While cooking a young pig in many ways is similar to cooking an adult whole hog, there are some subtle differences that are important to note.

Tips for Cooking a Whole Roast Suckling Pig:

How and Where to Buy a Whole Piglet

  • Finding a whole pig can be tricky in some areas.
  • Obviously, if you have a connection with a local pig farmer, this may be the easiest and most direct way to find a suckling pig.
  • You can also special order them from good butchers, particularly ethnic butchers in Latino, Asian or Greek markets.
  • Finding suckling pigs are a bit different from larger hogs. The young pigs may only be available during some times of the year, spring and summer most commonly. Additionally, because young pigs are so small, the typical price per pound would not be profitable to the farmers to raise just to sell as small pigs. For this reason, some farmers and distributers don’t even sell suckling pigs. For others, the prices may be quite high for this rare commodity.
  • Shop around and ask around to find the best availability and prices.
  • Keep in mind that the term suckling pig means different things to different people. A true suckling pig, which is still nursing and their primary diet is milk, should be from around 9 to 20 lb. or so. However, you may find butchers who will call a pig that is quite bigger a suckling pig. So be sure to indicate the exact size you are looking for and shop around to find a source who can get you exactly what you need.

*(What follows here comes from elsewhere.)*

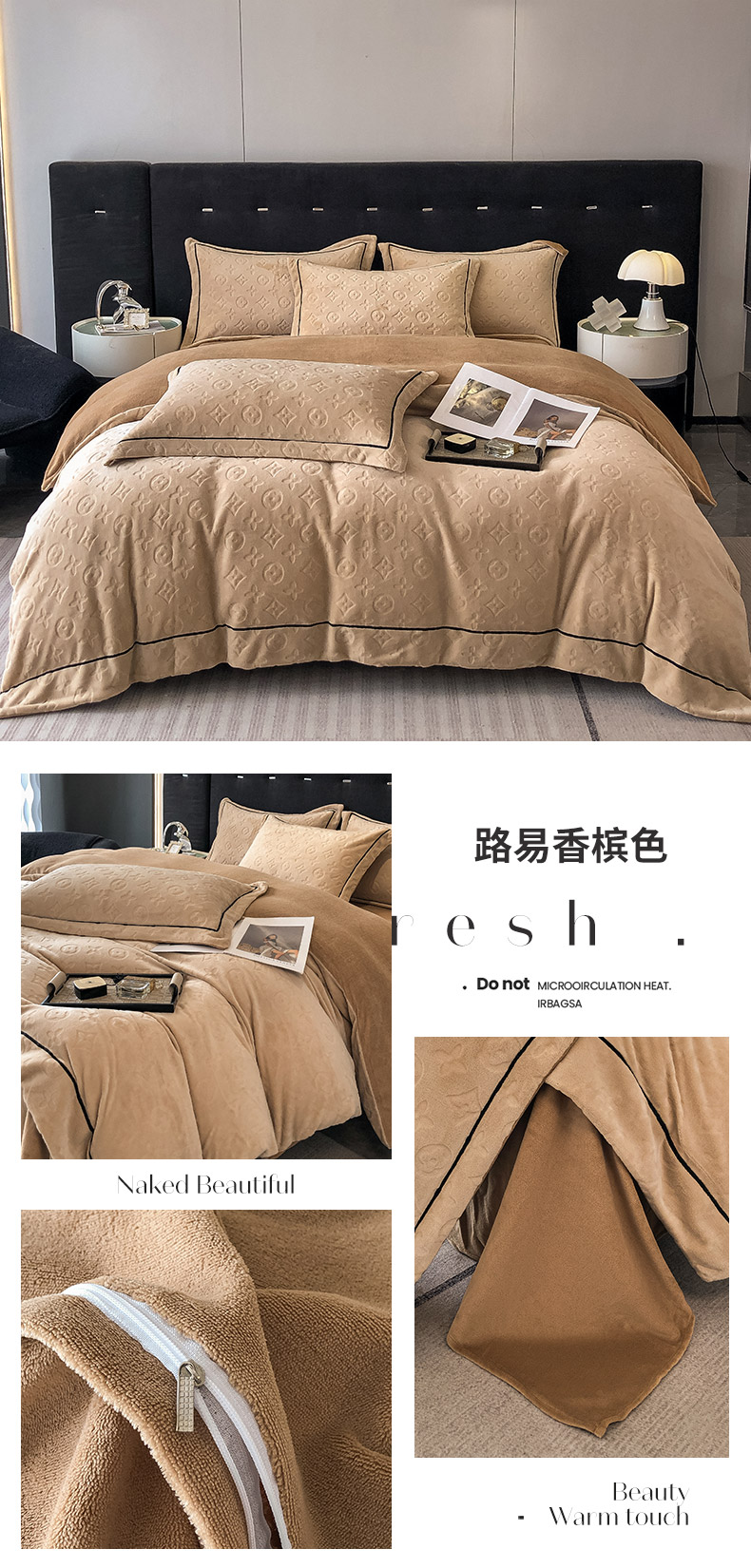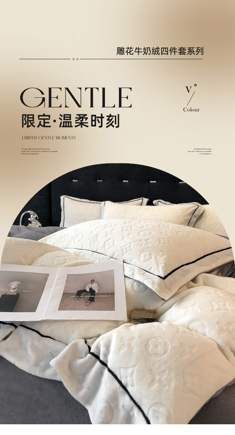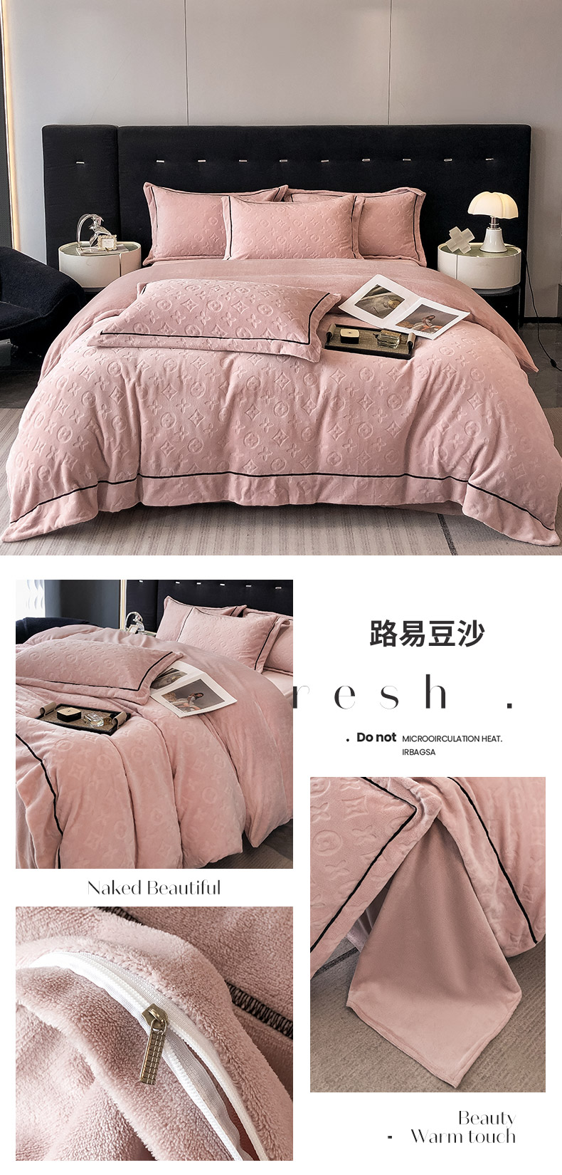 (总)(买家秀爆款不断货)A类母婴级牛奶雕花绒四件套珊瑚绒四件套雪花绒四件套韩版公主风雕花牛奶绒床盖四件套

Cooking Technique: Barbecue Pit Rotisserie versus Grill or Barbecue

  • Because a roast suckling pig is quite a bit smaller than other whole hogs some people may consider cooking them on a grill or barbecue. I do not feel this is a good way to cook a whole piglet for a few reasons. To cook a whole pig perfectly, you need a relatively low, indirect heat to slowly cook the roast completely without burning the skin. High direct heat on a grill can quickly burn the skin and will lead to uneven cooking. Most grills, except maybe for very large gas grills, are not big enough to accommodate a whole pig when set up for indirect heat grilling. Additionally, even with a large grill set up for indirect heat, the roast would need to be turned frequently throughout the cooking process to cook evenly and completely. Flipping a hot, glazed whole animal is quite a bit harder than you may think. Save your arm hair and avoid using a grill or barbecue to cook a whole suckling pig.
  • Rather than a grill or barbecue, a hog rotisserie set over a fire pit with charcoal or firewood as fuel is the ideal means to roast a whole pig. While it may take a bit more effort and/or money to build or purchase an adequate rotisserie to hold your whole roast, the payback will be unlimited. Your roasts will be much more evenly cooked, juicy and tender. Such a rotisserie can also be used for many other things including whole lamb roasts, goat, large whole poultry and any other large roasts you care to grill up. They are a very useful and make a large whole roast so much easier and more successful. The fire pit you use can be anything, including a dug-out hole in the ground, a free-standing portable fire pit, a temporary fire pit built of bricks, or even a permanent stone or brick fire pit. Basically any pit you can set your rotisserie over will do!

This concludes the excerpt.